Видит он, как роятся снежинки у большой вентиляционной трубы, мечутся в воздухе головокружительными зигзагами и, вырвавшись из внезапной для них бури, устало опускаются, осветляя черный, незамерзающий клочок земли — Зону. И не замерзнуть ей, потому как отогрета дыханием не одной сотни душ, что несут здесь свой крест…
ЗОНА. ВОРОНЦОВ
Привыкаешь и здесь.
Звонок, подъем. Пять утра. Ключ скрежещет, дверь открывают дубаки. Люди встают, заспанные, будто давили их всю ночь, как тараканов. Редко слово услышишь, разве что — "подсоби… осторожно… отойди" — это мы нары-"вертолеты" пристегиваем. Противно они так пристегиваются, по душе аж скребет.
Постели выносим в подсобку. Снова ключ проскрежетал, пошли в умывальню. Очередь у единственного крана, и вода ледяная, но она хоть немного в себя дает прийти. Оживаешь.
Скрутишь папироску из махорочки, закуришь натощак да садишься за длинный деревянный стол.
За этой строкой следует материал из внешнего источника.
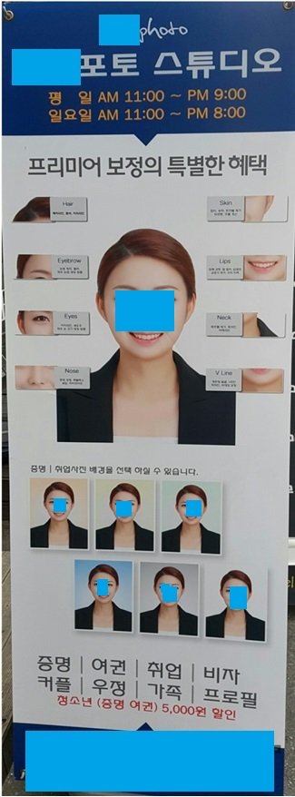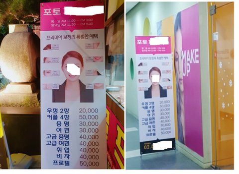 현수막 뿐만 아니라 매장 앞에 세워놓는 Y배너에도 제 얼굴이 있었으며 ‘프리미어 보정의 특별한 혜택’ 이라는 말과 얼굴 부위별 보정이 가능하다며 마치 제 얼굴이 눈 비대칭, 콧볼 축소, 피부 잡티 제거, V라인 비대칭 교정 등 수많은 교정으로 재탄생한 얼굴인 마냥 홍보되고 있었습니다........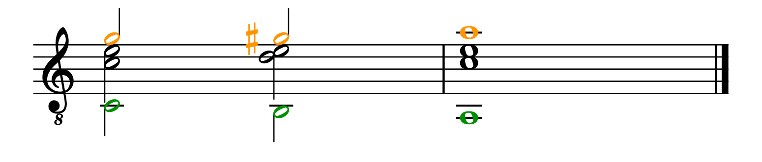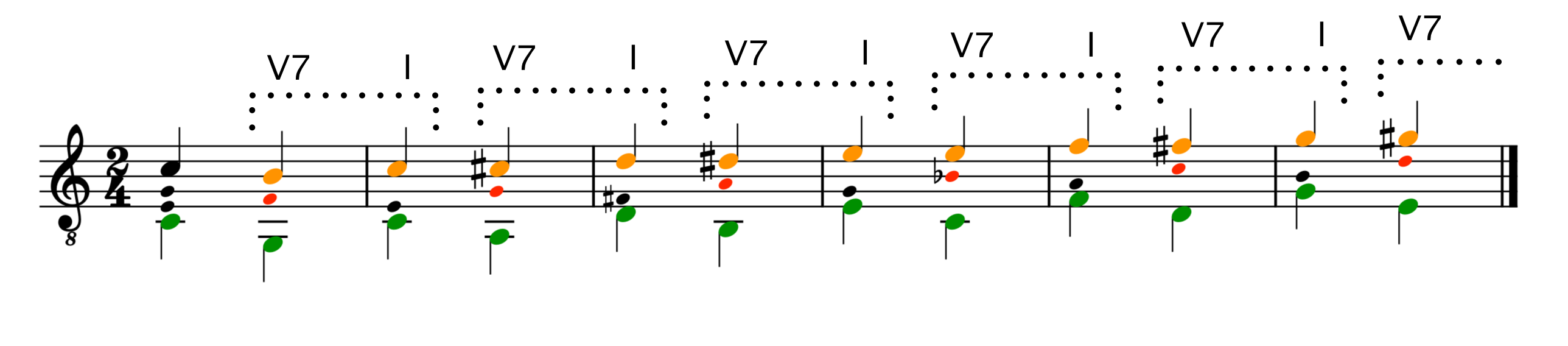 In ex. 2.2.1 the top chromatic voice is colored orange, and the fundamental bass is green. The two first chords works as a starting point for the motion, and on the third bar a sequence of V7 to I starts. The chromatic soprano voice alters between being the 7th and the 3rd in the chords.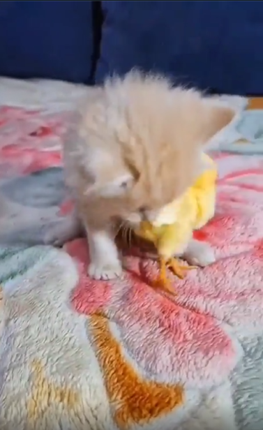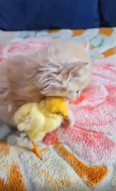 이 장면을 본 사람들의 반응은 “고양이가 지금 최대한 배려하고 있는 게 보여서 더 귀엽다”, “장난감이 아니라 친구로 대하는 느낌”, “저게 바로 생명 존중 놀이”라는 댓글이 이어졌고, 어떤 이는 “병아리가 안 무서워하는 게 진짜 포인트”라며 감탄을 더했습니다.

Только что его сделали, еще смолой пахнет, хорошо. И это единственный запах, от которого не тошнит. А в камере и воняет-то в основном парашей, портянками да кислым потом… Принюхались, привыкли.
Стол расположен у дальней стены. Стоящий у окошка принимает инструмент десять ложек. Берет столько же паек хлеба, дымится лента мисок с хавалкой. Потом идет то, что у них чай называется, — протягивает дежурный желоб в ведро, и стекает по нему чуть подкрашенная водичка.
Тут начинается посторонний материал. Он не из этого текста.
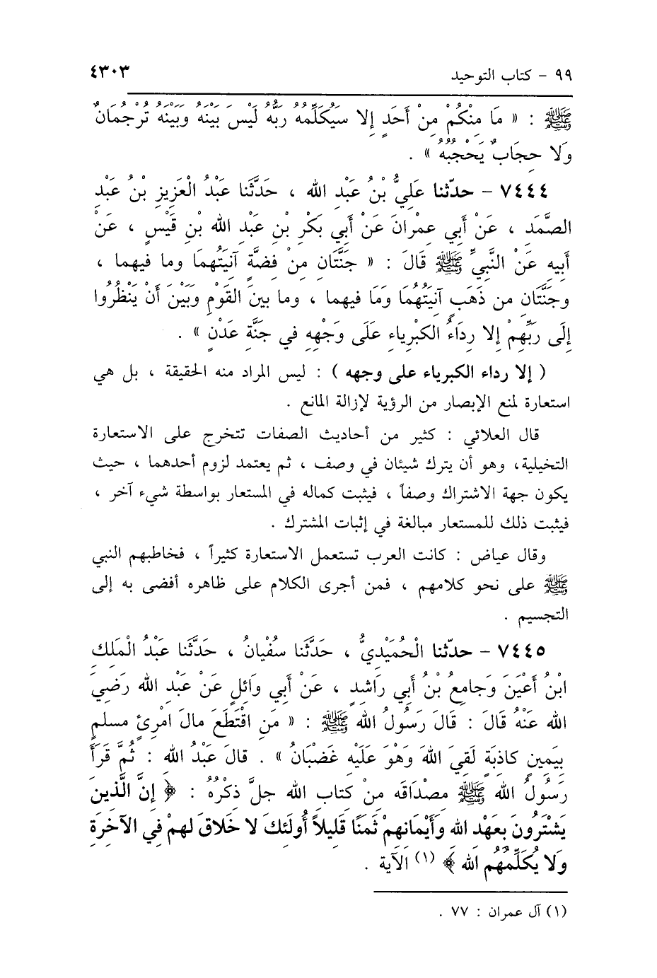 7444 - حَدَّثَنَا عَلِيُّ بْنُ عَبْدِ اللَّهِ، حَدَّثَنَا عَبْدُ العَزِيزِ بْنُ عَبْدِ الصَّمَدِ، عَنْ أَبِي عِمْرَانَ، عَنْ أَبِي بَكْرِ بْنِ عَبْدِ اللَّهِ بْنِ قَيْسٍ، عَنْ أَبِيهِ، عَنِ النَّبِيِّ صَلَّى اللهُ عَلَيْهِ وَسَلَّمَ قَالَ: «جَنَّتَانِ مِنْ فِضَّةٍ، آنِيَتُهُمَا وَمَا فِيهِمَا، وَجَنَّتَانِ مِنْ ذَهَبٍ، آنِيَتُهُمَا وَمَا فِيهِمَا، وَمَا بَيْنَ القَوْمِ وَبَيْنَ أَنْ يَنْظُرُوا إِلَى رَبِّهِمْ إِلَّا رِدَاءُ الكِبْرِ عَلَى وَجْهِهِ فِي جَنَّةِ عَدْنٍ».

Стукнет напоследок кормушка, проскрежещет упор, вот и вся связь с миром. Сидим, жрем похлебку, которую они ухой называют. Тошно, но надо. Пустая миска, которую мы выпрашиваем якобы для рыбных отходов, потихоньку наполняется набухшей в воде хамсой, которую мы по одной, а то по две, кто щедрый, вылавливаем из похлебки… Попадется иногда и картофелина — туда же, если не жалко.
А еще лежат на столе две нетронутые пайки хлеба, которые оставляют по очередности каждые двое — по кругу. И вот дежурный выковыривает мякиш в горбушке, рыбная масса с картошкой укладывается им туда плотно — начинкой. Это — деликатес, который едим тут же, но по очереди. Все же остальное съедаем до крошки.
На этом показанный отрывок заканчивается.